Our society is fully of dichotomies and it seems in the last few years it has only gotten worse. You are either good or bad. I either love or hate you. I agree 100% with you or disagree 100%. We have not left anything between the two… in reality we have not allowed for the complexity of life… the complexity of being human.
If I am honest, there are times I am thriving and then there are days I am back to surviving in regards to my mom’s death. The last six months have included more days of surviving my mom’s suicide than it has in a decade. I have crumbled in ways that I thought were a distant memory. Yet even on the days that crushed my heart, I find there were moments that I was thriving… and that is where the complexity of surviving and thriving live.
When I was a practicing counselor it was around the time the movie “The Dark Knight” came out. I hated the movie (too much violence and it was so dark), but it didn’t stop me from using it in sessions with clients. Many of my clients struggled with viewing their entire being as “bad” because of one action (if I am honest, I have struggled with the same thinking). I used the movie to challenge their thinking. I would ask if Batman is good or bad. They all would quickly respond and say good (how could they not, he is a superhero). I would point out that in the newest installment of his story while he is “good” some of his actions were more than suspect.

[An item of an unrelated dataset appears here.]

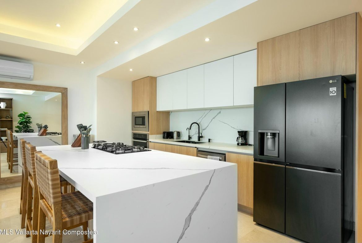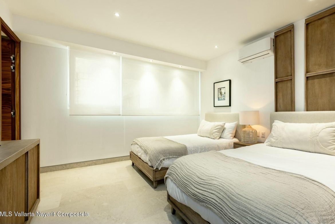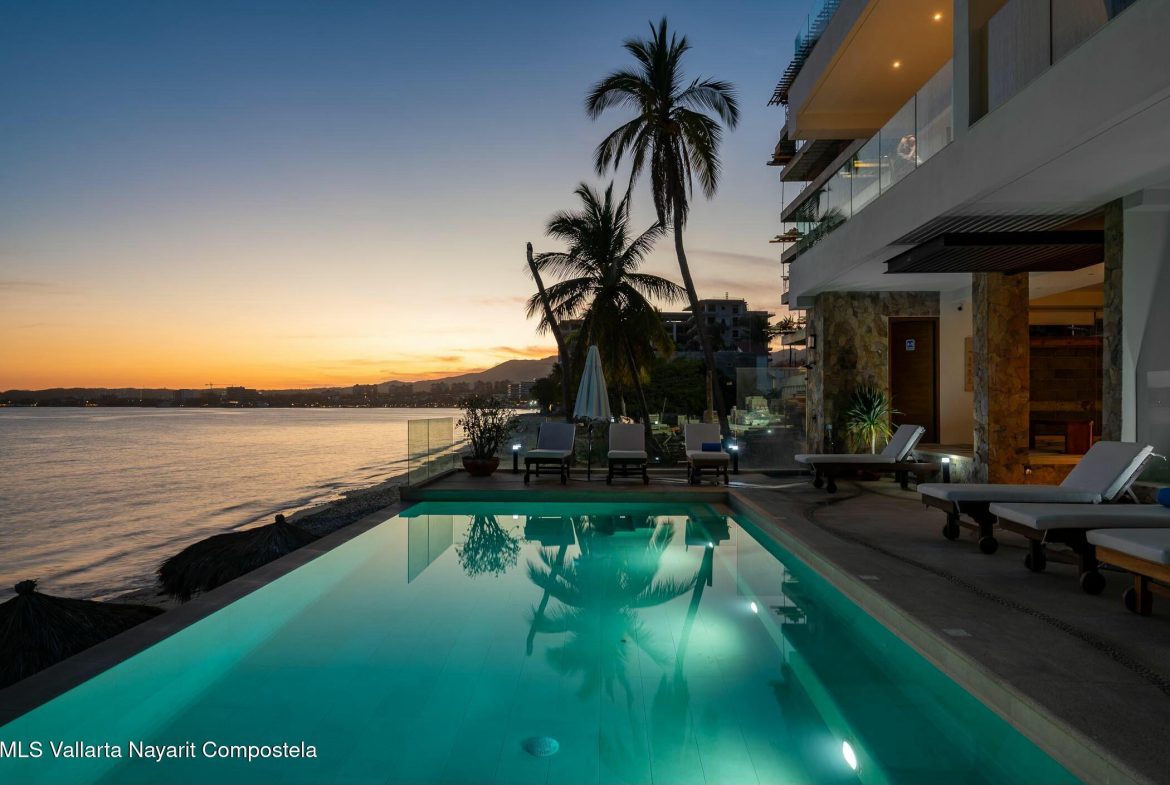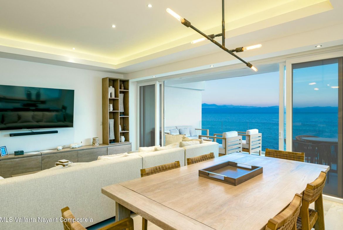 Bienvenido a Marazul ubicado frente al mar justo en el extremo norte de Bucerias a solo 30 minutos del aeropuerto de Puerto Vallarta. En una torre de solo 23 unidades te brinda la privacidad y el descanso que mereces. Departamento de 186 m2 cuenta con 2 amplias habitaciones mas un estudio, ademas dos banos completos en cada habitacion y medio bano en sala y comedor. Completamente amueblado con un gusto exquisito listo para ser habitado. Una vista imperdible en la terraza te brinda la sensacion de estar en el mar, ademas en un complejo que tiene todo para que pases momentos inolvidables, Plus alberca climatizada con acceso directo a la playa y ademas alberca en roof top con la mejor vista. Cuenta con estacionamiento y bodega subterraneo.

We are complex, we are human and dichotomies hurt all of us. Each day I live there are parts of my day that are amazing, they are parts that are difficult, but most of the day is in the middle without an extreme. The feelings and emotions ebb and flow as easily as the waves on the beach. And until we embrace the reality we continue to suffer.
I am grateful to say even in the last six months I have thrived more than survive my mom’s death, but I also am working to have grace for myself on the days that are more about surviving. I am learning to embrace where I am in the moment instead of demanding myself to be in a place that is not my reality. The more I learn to embrace the humanity of myself, the more I extend this humanity to others. We all survive some days and we all thrive others… but no one lives in one extreme. We are complex, we are human… and so are those around us.